Crown Bridge may, at any time, convert all or any part of the outstanding principal of the Note into shares of our common stock at a
price per share equal to 60% (representing a 40% discount rate) of the lowest trading price of the common stock during the 20 trading day period ending on the last complete trading day prior to the date of conversion. If the conversion price is
equal to or lower than $0.35 per share, an additional 15% discount will be applied (resulting in a 55% discount rate, assuming no other adjustments); if we are unable to deliver converted shares via DWAC, an additional 10% discount will be
applied (resulting in a discount rate of 50%, assuming no other adjustments); if we fail to comply with our reporting requirements under the Exchange Act, an additional 15% discount will be applied (resulting in a discount rate of 55%, assuming
no other adjustments); and if we fail to maintain our status as "DTC Eligible" or if at any time the conversion price is lower than $0.10, an additional 10% discount will be applied (resulting in a discount of 65%, assuming no other adjustments
except for the 15% discount due to the conversion price below $0.35). Crown Bridge may not convert the Note to the extent that such conversion would result in beneficial ownership by Crown Bridge and its affiliates of more than 4.99% of our
issued and outstanding common stock. We have also granted piggy-back registration rights for the shares issuable upon conversion of the Note.

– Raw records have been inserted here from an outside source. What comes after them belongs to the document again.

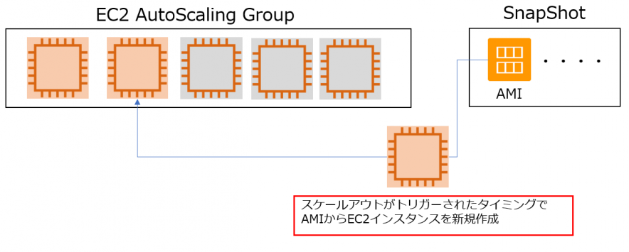 このような場合は一度起動してから停止状態でWarmPoolに待機することで、初回起動時の処理を省略してスケールアウトすることが可能となります。
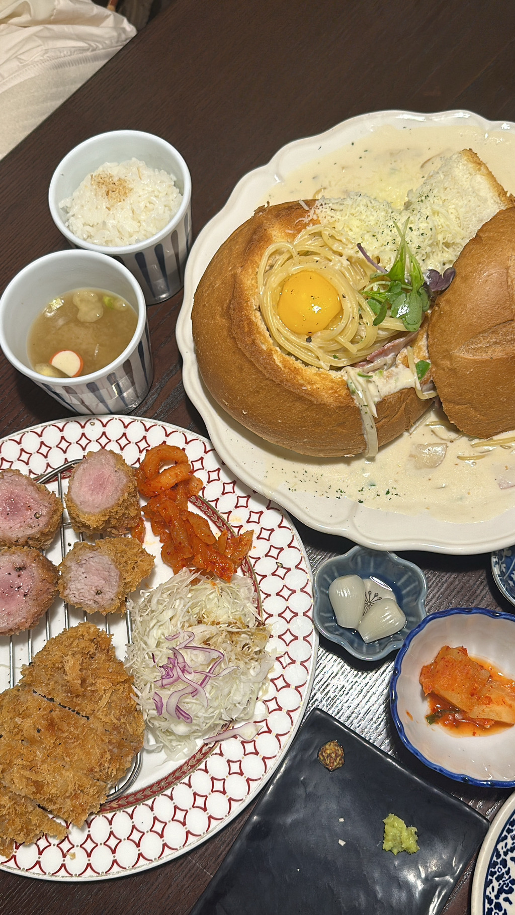 빠네에 돈까스 조합 생각 못해 봤는데잘 어울리고 맛있네계란 노른자 돌돌 말아 크림 소스에 비벼 먹으니까세상 존맛 ㅠㅠㅠ등심 돈까스는 좀 질겼지만ʚ̴̶̷̆ ̯ʚ̴̶̷̆
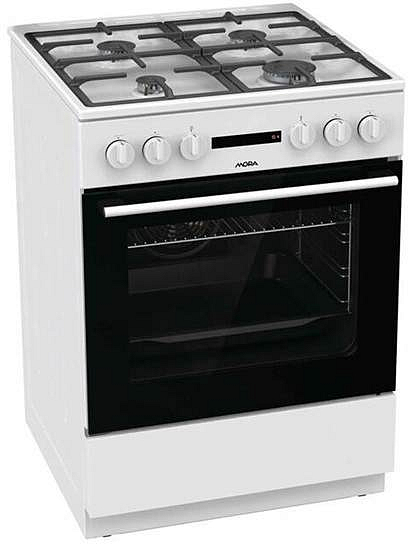 Kombinovaný sporák s multifunkční troubou, bílá barva, 4 plynové hořáky s pojistkami STOP GAS, vlevo vpředu O 5,4 cm, 1 kW, vpravo vpředu O 9,9 cm, 3 kW, vlevo vzadu O 7,4 cm, 1,9 kW, vpravo vzadu O 7,4 cm, 1,9 kW, LITINOVÁ dvoudílná mřížka STABIL PLUS, INTEGROVANÉ zapalování hořáků, multifunkční trouba – 11 způsobů ohřevu, rychlý předehřev trouby, program PIZZA, program pro HOTOVÁ A MRAŽENÁ JÍDLA, program HORKOVZDUŠNÉ FRITOVÁNÍ BEZ TUKU, ECO CLEAN – funkce na čištění trouby, regulace teploty v
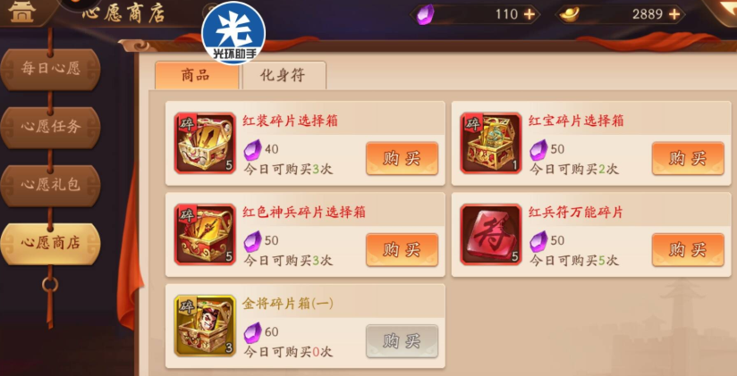 咱们最优先兑换的肯定是金将碎片箱子,这玩意儿对平民玩家特别友好,每天稳定拿碎片,慢慢攒就能凑齐金将。其次是体力丹,别看它平时不起眼,等武将觉醒开了就知道有多香了,每天花50水晶换10个体力丹绝对不亏。幽蝶羽毛也值得换,但要注意这玩意儿只能买

The Note contains certain representations, warranties, covenants (both affirmative and negative), and events of default, including if our
common stock is suspended or delisted for trading, or if we are delinquent in our periodic report filings with the SEC. In the event of a default, at the option of Crown Bridge, it may consider the Note immediately due and payable and the
amount of repayment increases to 150% of the outstanding balance of the Note. The Note also grants Crown Bridge a right of first refusal for any future capital raises or financings by us. It also contains a most favored nations provision for
any more favorable terms in future financing transactions by us.
The Warrant may be exercised at any time through the second anniversary date of the Note. The exercise price per share of common stock
under the Warrant is $1.65 per share, subject to adjustment, including cashless exercise. The Warrant also contains a most favored nations provision.